**DATA LISTING:**
◇ ◇ ◇

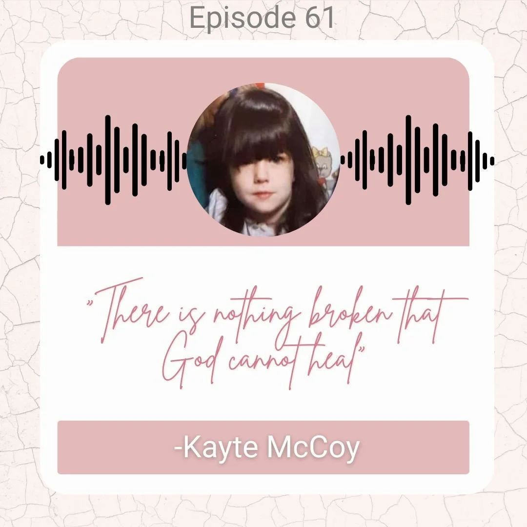 My prayer is that as you listen, you’ll not only be encouraged by Kayte’s story, but that you’ll find hope for your own. Whatever ashes you might be holding, you’re not alone, lets decided to surrender those ashes back to our loving heavenly Father. For He is the One who can make something truly beautiful emerge from them.
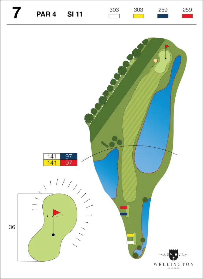Hole 7 ligt tussen 2 van onze 11 vijvers. Uw skills op het vlak van richting worden hier danig op de proef gesteld. In 2021 werden er 17.000 ballen uit de vijver gevist.
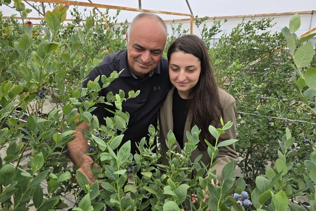 Ana Inashvili e suo padre Giorgi ispezionano il raccolto di mirtilli all'inizio di giugno
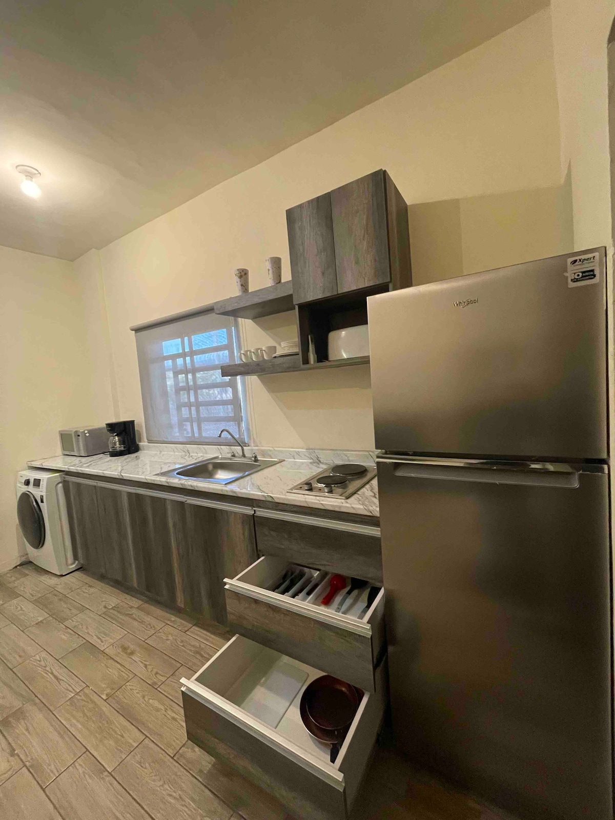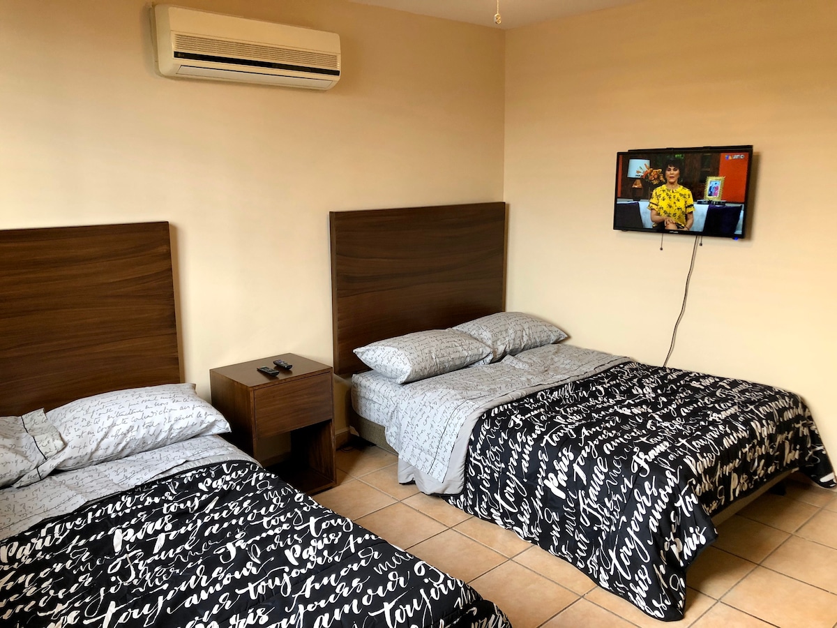 Disfruta de la comodidad de este increíble alojamiento independiente, completamente nuevo, tranquilo y céntrico en la ciudad de Hermosillo. Cerca de consulado, Perfecto para estancias largas y cortas, cuenta con todos los servicios, cama muy comoda tamaño queen, baño amplio con sus amenidades,sala comedor, smart Tv, cocina equipada con todo lo necesario, microondas, placa eléctrica y cafetera. instalaciones con limpieza impecable.
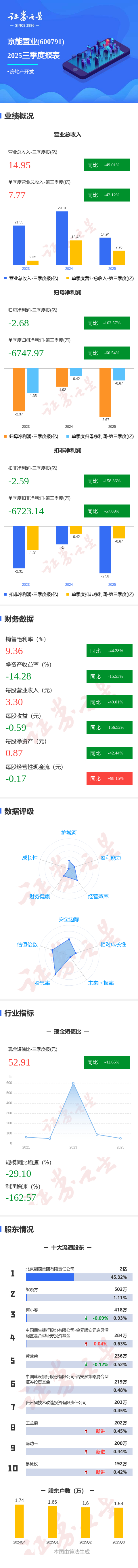 图解京能置业三季报:第三季度单季净利润同比下降60.55%
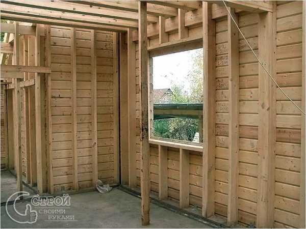 Размер шага стоек зависит от размера проемов, в которые будут монтироваться окна и двери. Необходимо возвести дополнительную стойку там, где рама состыкуется с другими стенами.
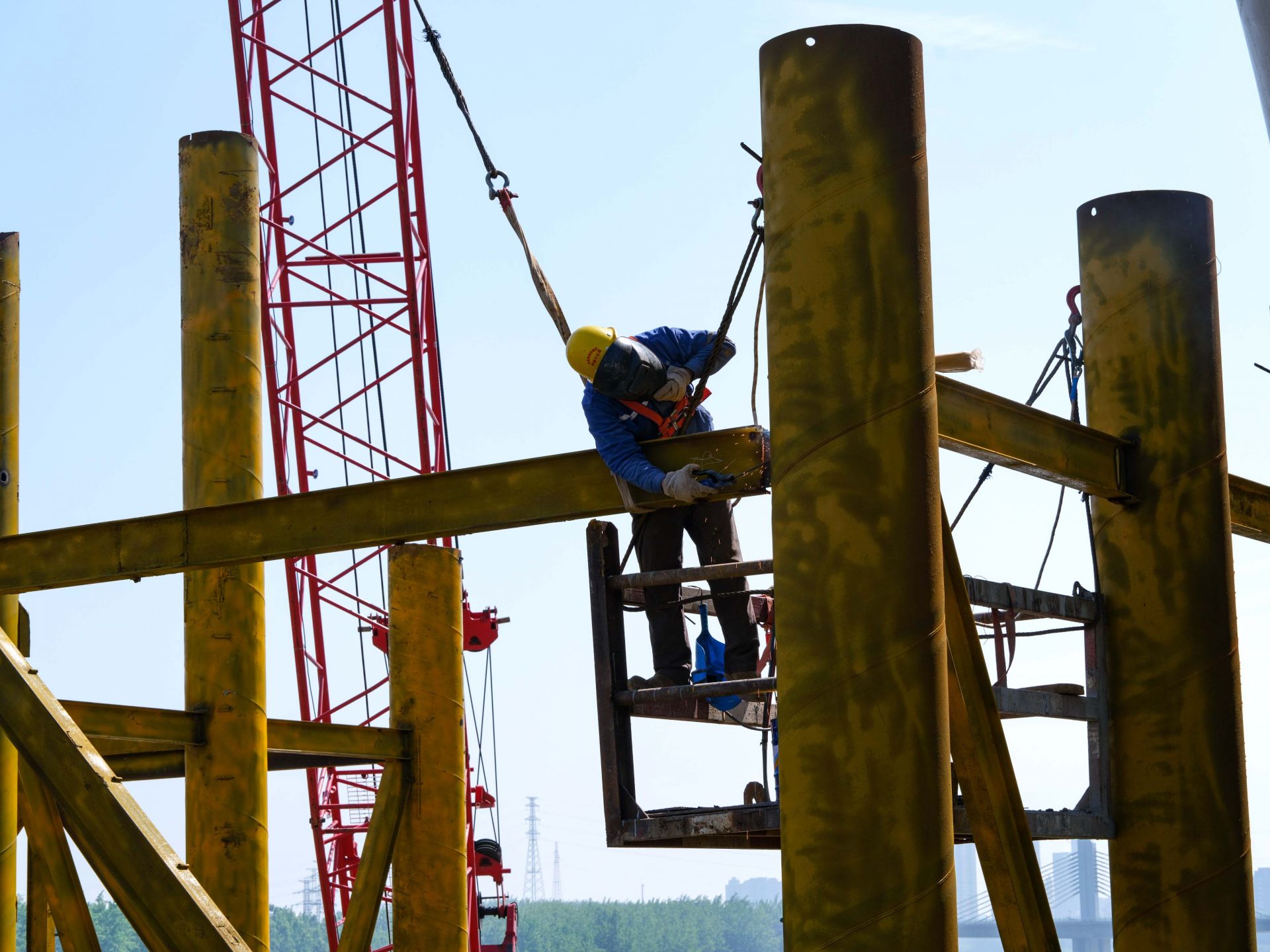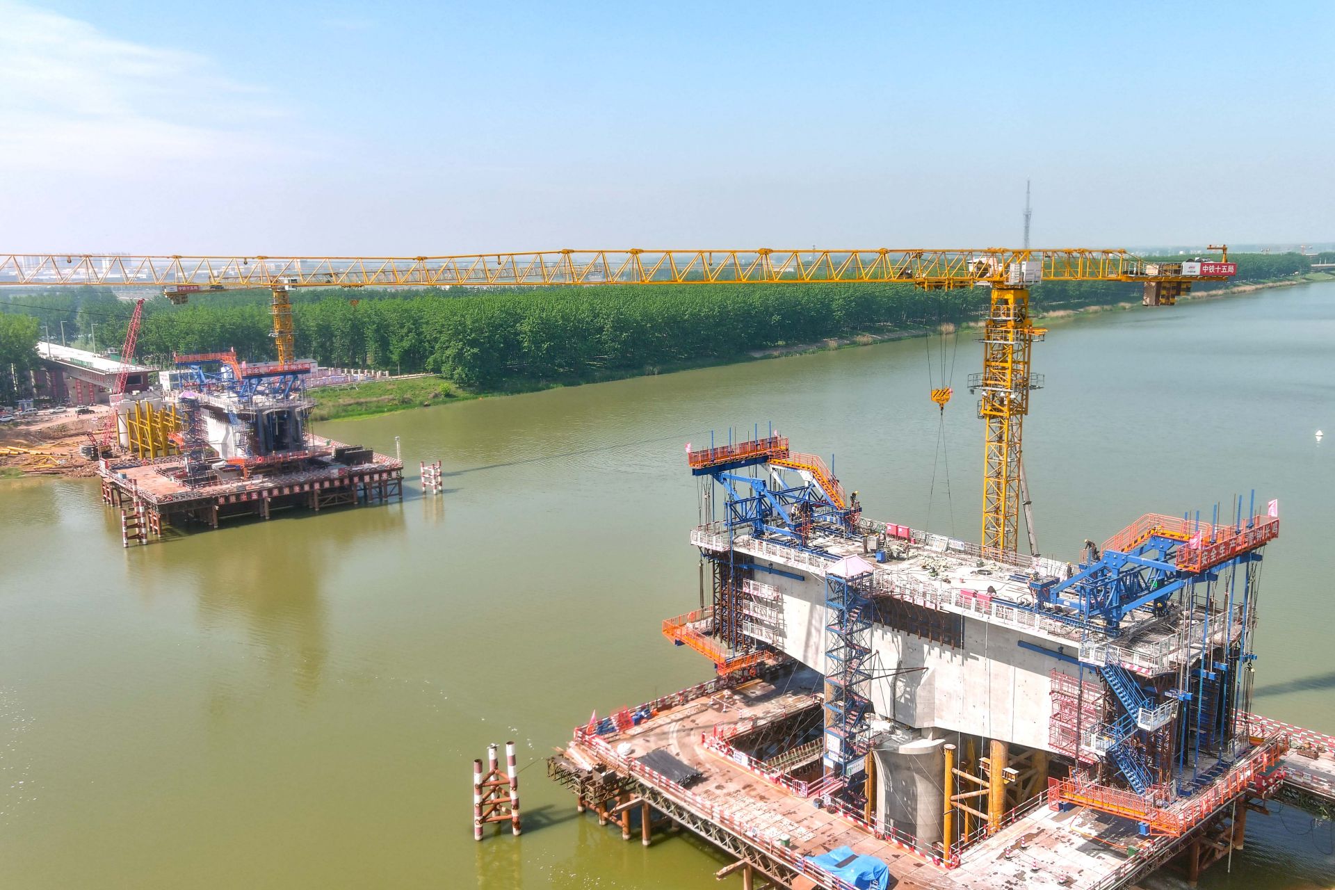 2024年5月1日上午,工程建设者正在合新高铁五河段怀洪新洪特大桥施工。
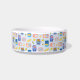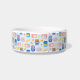 This is a heavy, durable bowl decorated with Tibbies of many colors, the perfect size for hungry/thirsty Tibs. The design is interesting and printing clear.
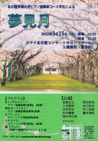 ←又、3月15日(火)には、カワイ名古屋コンサートサロン「ブーレ」で、名音大のピアノ演奏家コース学生による「夢見月」があります。
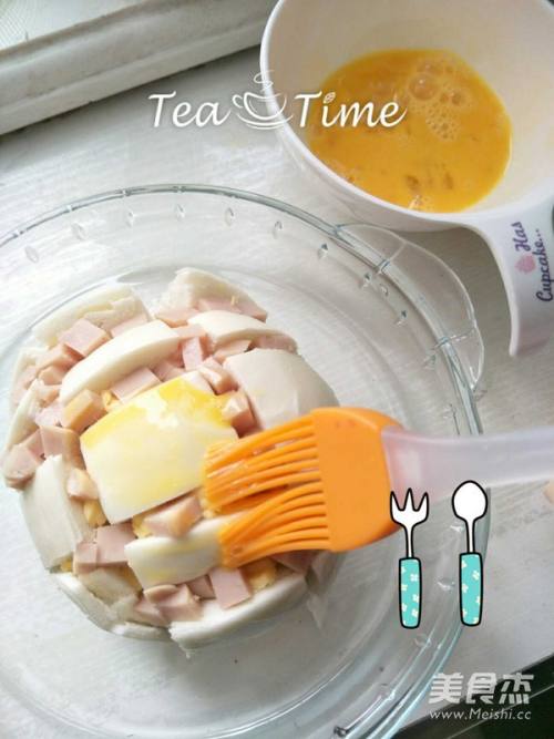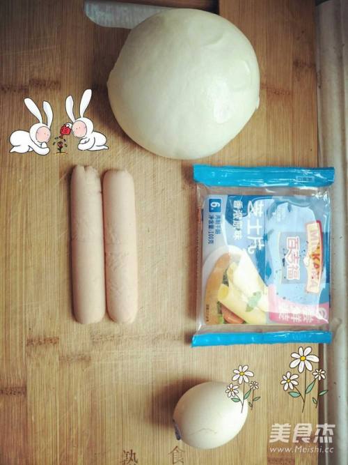 准备好食材,火腿、芝士(一片)、鸡蛋、馒头
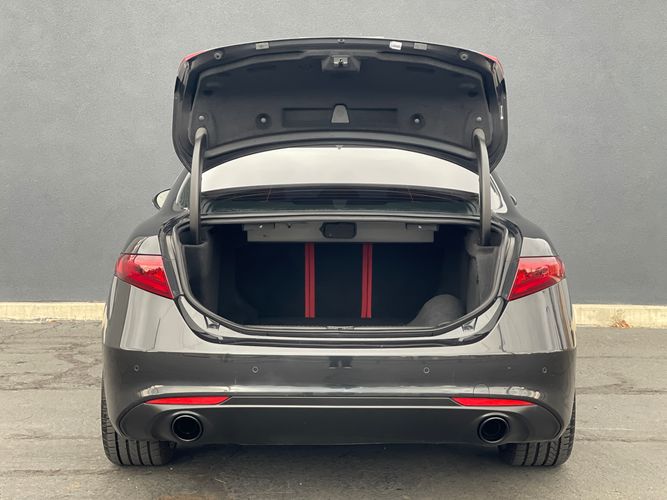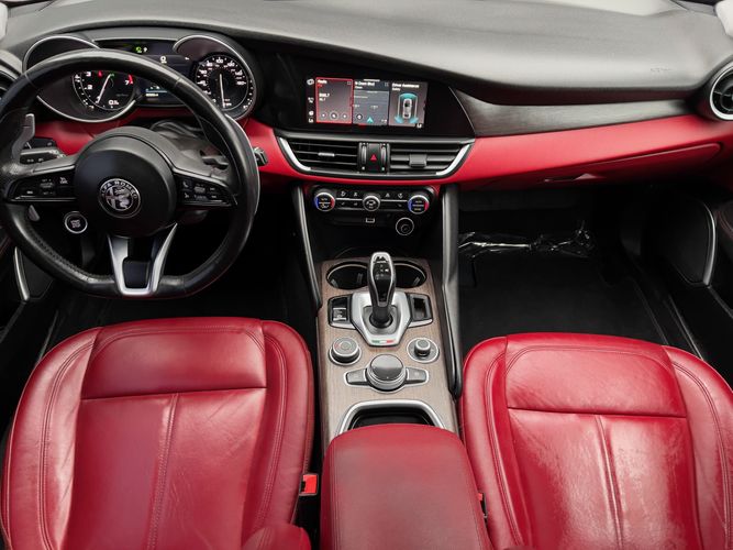 Under the hood, the 2.0L 4-cylinder engine delivers a robust performance, ensuring an exhilarating driving experience complemented by the vehicle's rear-wheel-drive setup. Technological features like the 8.8-inch AM/FM/HD radio with navigation keep you connected and informed, while the active blind spot package contributes to a safer drive by providing additional awareness on the road. The Alfa Romeo Giulia Ti RWD isn't merely a car; it's a statement of style, luxury, and engineering prowess that transports its occupants in uncompromising comfort and agility.
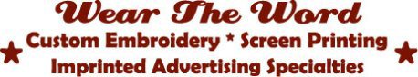 Wear The Word is your source for quality screen printing, custom embroidery and imprinted advertising items. Since 2001, Norb & Colette King have provided Central Kentucky with professional service, specializing in screen printing for churches, schools, and businesses. Your order will be done right, at the right price, and right on time. Embroidery of golf shirts, jackets and caps are available with fast turnaround. Wear The Word can assist you with banners, signs, plaques, awards and trophies. Also check with Wear The Word for quotes on advertising items like calendars, pens, coffee mugs, and trade show items. E-mail us or call Norb King for quotes and information at 859-749-3098.
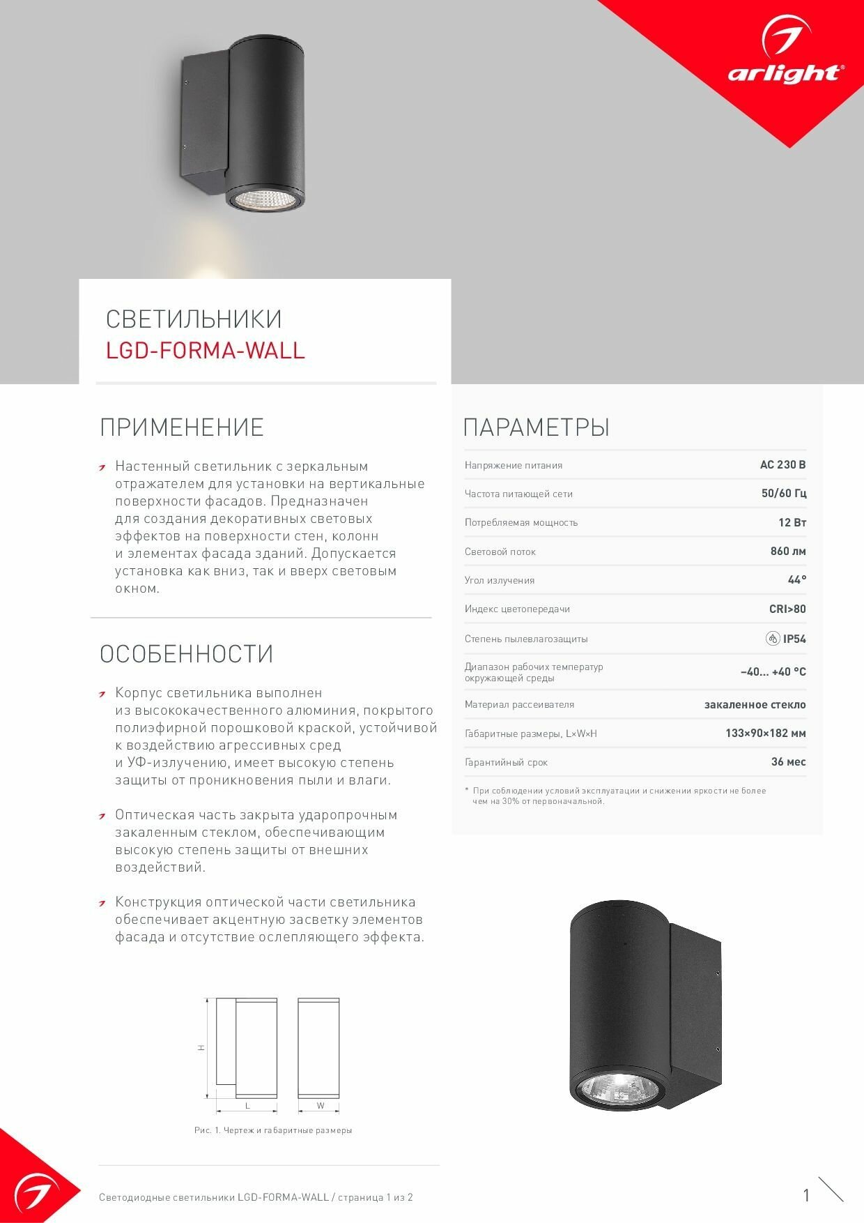 037256 Светильник LGD-FORMA-WALL-R90-12W Day4000 (BK, 44 deg, 230V) (Arlight, IP54 Металл, 3 года)

◇ ◇ ◇

Leaving out only the pictures, retype every record exactly.

**TASK ANSWER:**
 My prayer is that as you listen, you’ll not only be encouraged by Kayte’s story, but that you’ll find hope for your own. Whatever ashes you might be holding, you’re not alone, lets decided to surrender those ashes back to our loving heavenly Father. For He is the One who can make something truly beautiful emerge from them.
Hole 7 ligt tussen 2 van onze 11 vijvers. Uw skills op het vlak van richting worden hier danig op de proef gesteld. In 2021 werden er 17.000 ballen uit de vijver gevist.
 Ana Inashvili e suo padre Giorgi ispezionano il raccolto di mirtilli all'inizio di giugno
 Disfruta de la comodidad de este increíble alojamiento independiente, completamente nuevo, tranquilo y céntrico en la ciudad de Hermosillo. Cerca de consulado, Perfecto para estancias largas y cortas, cuenta con todos los servicios, cama muy comoda tamaño queen, baño amplio con sus amenidades,sala comedor, smart Tv, cocina equipada con todo lo necesario, microondas, placa eléctrica y cafetera. instalaciones con limpieza impecable.
 图解京能置业三季报:第三季度单季净利润同比下降60.55%
 Размер шага стоек зависит от размера проемов, в которые будут монтироваться окна и двери. Необходимо возвести дополнительную стойку там, где рама состыкуется с другими стенами.
 2024年5月1日上午,工程建设者正在合新高铁五河段怀洪新洪特大桥施工。
 This is a heavy, durable bowl decorated with Tibbies of many colors, the perfect size for hungry/thirsty Tibs. The design is interesting and printing clear.
 ←又、3月15日(火)には、カワイ名古屋コンサートサロン「ブーレ」で、名音大のピアノ演奏家コース学生による「夢見月」があります。
 准备好食材,火腿、芝士(一片)、鸡蛋、馒头
 Under the hood, the 2.0L 4-cylinder engine delivers a robust performance, ensuring an exhilarating driving experience complemented by the vehicle's rear-wheel-drive setup. Technological features like the 8.8-inch AM/FM/HD radio with navigation keep you connected and informed, while the active blind spot package contributes to a safer drive by providing additional awareness on the road. The Alfa Romeo Giulia Ti RWD isn't merely a car; it's a statement of style, luxury, and engineering prowess that transports its occupants in uncompromising comfort and agility.
 Wear The Word is your source for quality screen printing, custom embroidery and imprinted advertising items. Since 2001, Norb & Colette King have provided Central Kentucky with professional service, specializing in screen printing for churches, schools, and businesses. Your order will be done right, at the right price, and right on time. Embroidery of golf shirts, jackets and caps are available with fast turnaround. Wear The Word can assist you with banners, signs, plaques, awards and trophies. Also check with Wear The Word for quotes on advertising items like calendars, pens, coffee mugs, and trade show items. E-mail us or call Norb King for quotes and information at 859-749-3098.
 037256 Светильник LGD-FORMA-WALL-R90-12W Day4000 (BK, 44 deg, 230V) (Arlight, IP54 Металл, 3 года)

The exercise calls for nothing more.